Besuchen Sie uns auf LinkedIn
Sonntag, 22. Juni 2025
Hintergrund-Kommentar E&W 05/2025

Der lachende Dritte

Wolfgang Schalko | 11.05.2025 | Bilder | |  Meinung
Angesichts der aktuell völlig verworrenen globalen Wirtschaftslage und der unmöglich gewordenen Prognosen, was die konkrete weitere Entwicklung angeht, sind sich die Experten allerorts nur in einem Punkt ziemlich einig: Ein Handelskrieg kennt keine Gewinner.

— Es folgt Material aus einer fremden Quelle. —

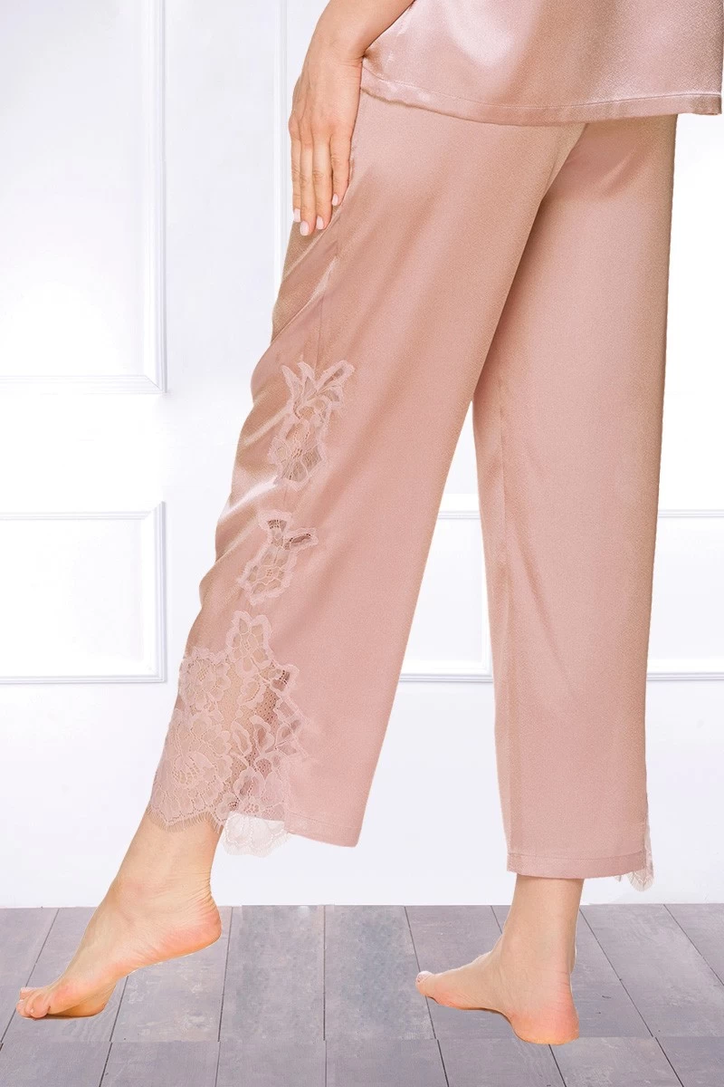 Dieser glänzende, puderfarbene Satin Pyjama ist 100% Made in the EU und erfüllt höchste Ansprüche an Design und Qualität. Die kunstvoll eingesetzte Spitze im Rücken, den Schultern und Hosenabschlüssen sorgt für sinnliche Transparenzen und verleiht dem Pyjama seine Leichtigkeit. Ein eleganter Schalkragen, mit Satin bezogene Knöpfe und eine gemütliche Pyjamahose mit elastischem Bund machen das Satin Nachtwäsche Erlebnis perfekt.

Damit einhergehend sinkt auch der globale Wohlstand. Verfolgt man jedoch die jüngsten Medienberichte, insbesondere die Interviews mit namhaften Ökonomen, dann beginnt sich ein etwas differenzierteres Bild abzuzeichnen – mit Europa als lachendem Dritten.

Das wurde auch im Rahmen der Recherche für die Coverstory der E&W-Maiausgabe, die dieser Tage erscheint, deutlich: Wir haben uns in der Branche umgehört und Vertreter von Industrie und Handel um ihre Einschätzung der Situation gebeten – mit zwei bemerkenswerten Erkenntnissen am Rande. Erstens, dass sich viele nicht die Finger verbrennen wollen und sich daher äußerst wortkarg geben. Und zweitens, dass die Beurteilung alles andere als Schwarzmalerei ist – im Gegenteil wird versucht, positive Stimmung zu machen. Denn, wie ElectronicPartner-GF Michael Hofer treffend festhielt: „Es gibt in jeder Situation auch Gewinner.”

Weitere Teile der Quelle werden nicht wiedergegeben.